Fredholm determinant and Nekrasov sum representations of isomonodromic tau functions
P. Gavrylenko, O. Lisovyy
TL;DR
The authors derive a constructive Fredholm determinant representation for isomonodromic tau functions of Fuchsian systems on the sphere by decomposing the punctured sphere into pairs of pants and wiring the tau function through 3-point Riemann–Hilbert problems. The main formula $\tau_{ ext{JMU}}(a)=\Upsilon(a)\det(\mathbb{1}-K)$ expresses the tau function in terms of elementary building blocks, enabling a detailed Fourier-based determinant expansion whose principal minors are labeled by Maya diagrams and charged partitions, i.e., Nekrasov-type sums. In the rank-two case, the 3-point problems collapse to Gauss hypergeometric forms, yielding explicit Garnier tau representations and, for $n=4$, a Painlevé VI determinant with a hypergeometric kernel. The work also establishes connections with conformal blocks, $W_N$ algebras, and gauge theory partition functions, offering a versatile framework for both exact representations and asymptotic analyses of isomonodromic tau functions. Extensions to irregular singularities, higher genus, and q-difference (q-isomonodromy) are outlined as promising directions.
Abstract
We derive Fredholm determinant representation for isomonodromic tau functions of Fuchsian systems with $n$ regular singular points on the Riemann sphere and generic monodromy in $\mathrm{GL}(N,\mathbb C)$. The corresponding operator acts in the direct sum of $N(n-3)$ copies of $L^2(S^1)$. Its kernel has a block integrable form and is expressed in terms of fundamental solutions of $n-2$ elementary 3-point Fuchsian systems whose monodromy is determined by monodromy of the relevant $n$-point system via a decomposition of the punctured sphere into pairs of pants.
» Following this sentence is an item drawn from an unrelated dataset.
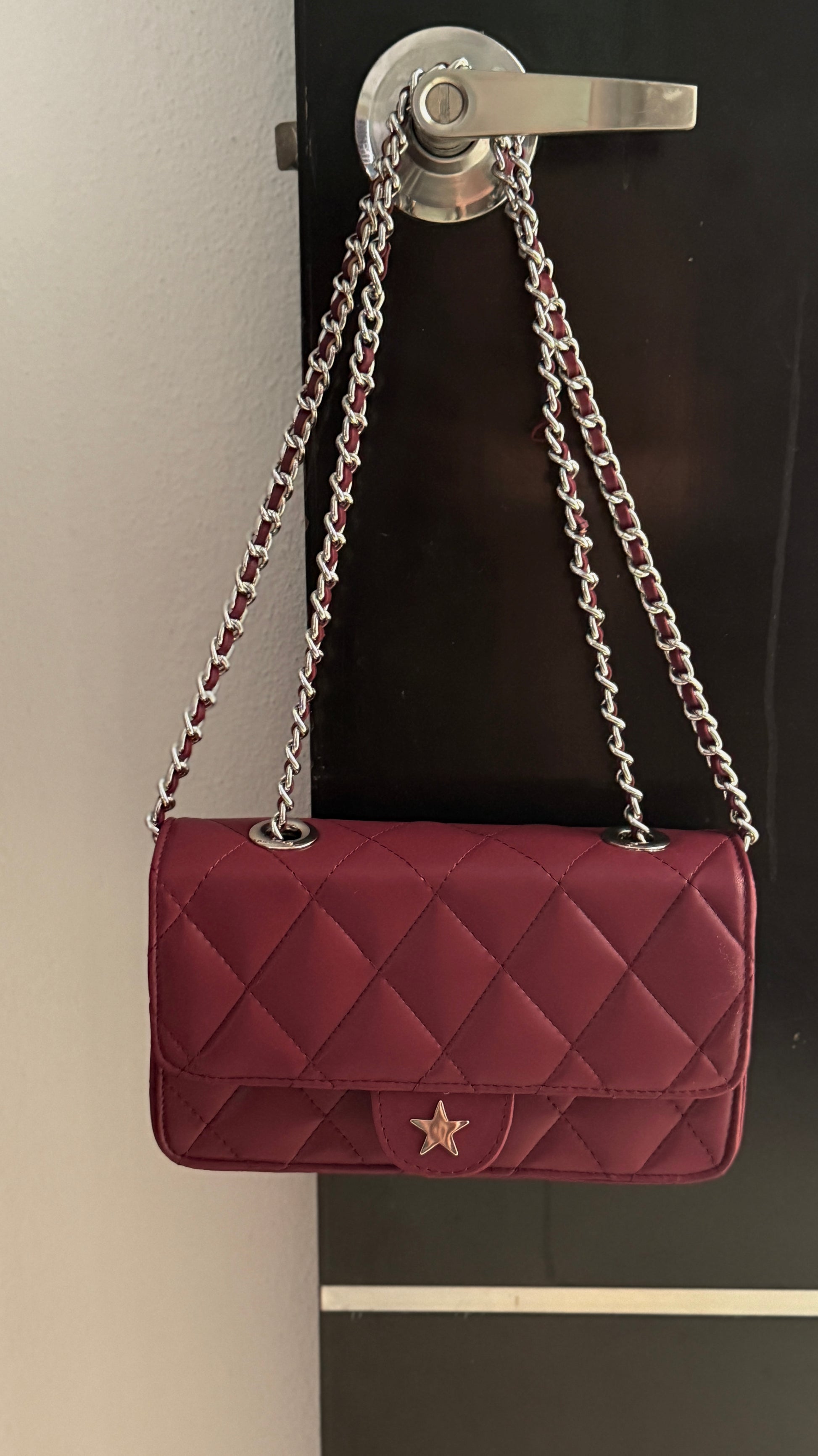 - Cadena fija entrelazada con piel sintética en el color del bolso, ideal para usar como bandolera o bandolera .
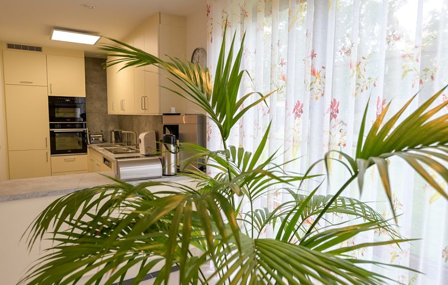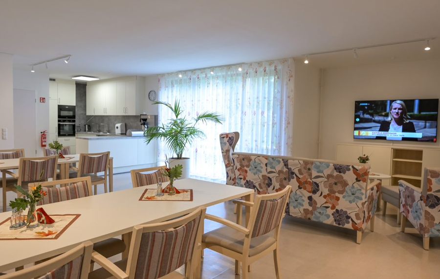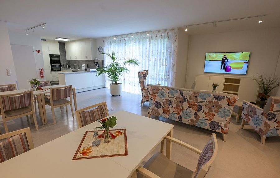 Auf jedem der vier Wohnbereiche der Pflegeeinrichtung befindet sich ein wohnlich eingerichteter Aufenthaltsbereich. Hier können Sie Ihre Mahlzeiten einnehmen, falls Sie einmal nicht in der Cafeteria essen möchten. In vertrauter Atmosphäre können Sie hier gemeinsam mit den anderen Bewohnerinnen und Bewohnern Ihres Wohnbereichs essen und sich zwischen den Mahlzeiten aufhalten.

For $N=2$ these building blocks have hypergeometric representations, the kernel becomes completely explicit and has Cauchy type. In this case Fredholm determinant expansion yields multivariate series representation for the tau function of the Garnier system, obtained earlier via its identification with Fourier transform of Liouville conformal block (or a dual Nekrasov-Okounkov partition function). Further specialization to $n=4$ gives a series representation of the general solution to Painlevé VI equation.